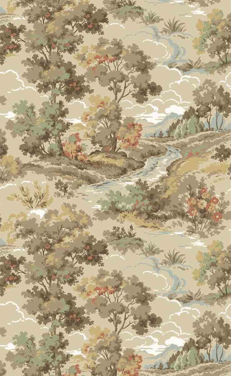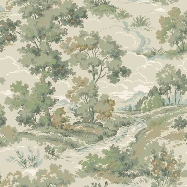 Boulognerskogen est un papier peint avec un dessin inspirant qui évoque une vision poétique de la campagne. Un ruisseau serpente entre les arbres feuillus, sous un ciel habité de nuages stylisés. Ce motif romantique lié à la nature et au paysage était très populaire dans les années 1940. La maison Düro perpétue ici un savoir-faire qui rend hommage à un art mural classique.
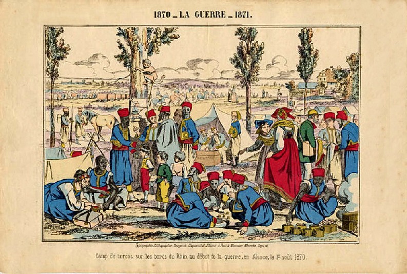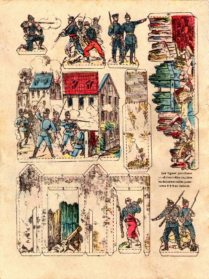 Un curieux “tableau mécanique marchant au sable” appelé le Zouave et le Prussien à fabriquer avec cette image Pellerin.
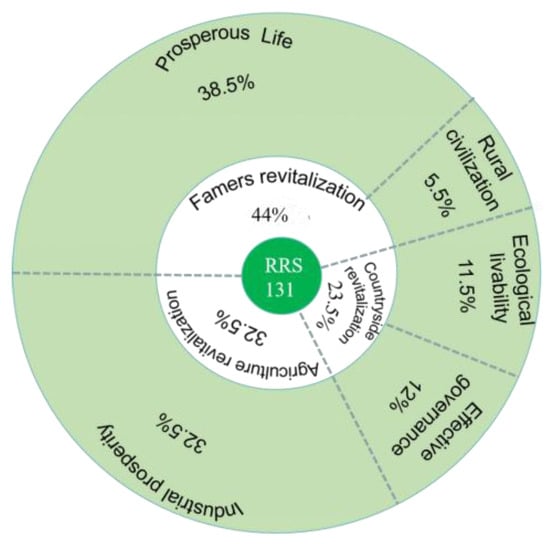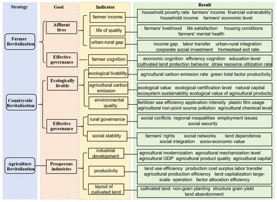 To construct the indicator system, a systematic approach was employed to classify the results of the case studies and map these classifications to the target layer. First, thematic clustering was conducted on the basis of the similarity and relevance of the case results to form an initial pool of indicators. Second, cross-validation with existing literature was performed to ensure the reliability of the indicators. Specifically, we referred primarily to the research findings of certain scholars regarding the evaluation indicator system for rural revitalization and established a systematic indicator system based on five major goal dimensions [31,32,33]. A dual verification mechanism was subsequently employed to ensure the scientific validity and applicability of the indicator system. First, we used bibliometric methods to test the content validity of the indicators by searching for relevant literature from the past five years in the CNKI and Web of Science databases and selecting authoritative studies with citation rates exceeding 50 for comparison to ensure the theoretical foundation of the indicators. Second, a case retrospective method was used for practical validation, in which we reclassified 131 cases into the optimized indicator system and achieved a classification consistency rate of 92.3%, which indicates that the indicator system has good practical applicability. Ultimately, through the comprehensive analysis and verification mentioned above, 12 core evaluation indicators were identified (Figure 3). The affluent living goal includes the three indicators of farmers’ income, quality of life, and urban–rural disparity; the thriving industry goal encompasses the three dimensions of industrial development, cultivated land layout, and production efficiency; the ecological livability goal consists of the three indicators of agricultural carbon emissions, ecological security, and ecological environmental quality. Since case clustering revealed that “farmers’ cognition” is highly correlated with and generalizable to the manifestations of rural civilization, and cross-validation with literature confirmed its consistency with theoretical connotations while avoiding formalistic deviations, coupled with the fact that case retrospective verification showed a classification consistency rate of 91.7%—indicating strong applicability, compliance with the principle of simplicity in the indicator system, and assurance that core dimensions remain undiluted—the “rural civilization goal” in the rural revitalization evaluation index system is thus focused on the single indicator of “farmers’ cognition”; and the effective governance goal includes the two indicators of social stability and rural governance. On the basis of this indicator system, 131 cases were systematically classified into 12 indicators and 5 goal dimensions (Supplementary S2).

· · · · · · ·

Task description
Please keep every line of the data the same when you reproduce it, and keep every picture out.

The completed task
 Boulognerskogen est un papier peint avec un dessin inspirant qui évoque une vision poétique de la campagne. Un ruisseau serpente entre les arbres feuillus, sous un ciel habité de nuages stylisés. Ce motif romantique lié à la nature et au paysage était très populaire dans les années 1940. La maison Düro perpétue ici un savoir-faire qui rend hommage à un art mural classique.
 Un curieux “tableau mécanique marchant au sable” appelé le Zouave et le Prussien à fabriquer avec cette image Pellerin.
 To construct the indicator system, a systematic approach was employed to classify the results of the case studies and map these classifications to the target layer. First, thematic clustering was conducted on the basis of the similarity and relevance of the case results to form an initial pool of indicators. Second, cross-validation with existing literature was performed to ensure the reliability of the indicators. Specifically, we referred primarily to the research findings of certain scholars regarding the evaluation indicator system for rural revitalization and established a systematic indicator system based on five major goal dimensions [31,32,33]. A dual verification mechanism was subsequently employed to ensure the scientific validity and applicability of the indicator system. First, we used bibliometric methods to test the content validity of the indicators by searching for relevant literature from the past five years in the CNKI and Web of Science databases and selecting authoritative studies with citation rates exceeding 50 for comparison to ensure the theoretical foundation of the indicators. Second, a case retrospective method was used for practical validation, in which we reclassified 131 cases into the optimized indicator system and achieved a classification consistency rate of 92.3%, which indicates that the indicator system has good practical applicability. Ultimately, through the comprehensive analysis and verification mentioned above, 12 core evaluation indicators were identified (Figure 3). The affluent living goal includes the three indicators of farmers’ income, quality of life, and urban–rural disparity; the thriving industry goal encompasses the three dimensions of industrial development, cultivated land layout, and production efficiency; the ecological livability goal consists of the three indicators of agricultural carbon emissions, ecological security, and ecological environmental quality. Since case clustering revealed that “farmers’ cognition” is highly correlated with and generalizable to the manifestations of rural civilization, and cross-validation with literature confirmed its consistency with theoretical connotations while avoiding formalistic deviations, coupled with the fact that case retrospective verification showed a classification consistency rate of 91.7%—indicating strong applicability, compliance with the principle of simplicity in the indicator system, and assurance that core dimensions remain undiluted—the “rural civilization goal” in the rural revitalization evaluation index system is thus focused on the single indicator of “farmers’ cognition”; and the effective governance goal includes the two indicators of social stability and rural governance. On the basis of this indicator system, 131 cases were systematically classified into 12 indicators and 5 goal dimensions (Supplementary S2).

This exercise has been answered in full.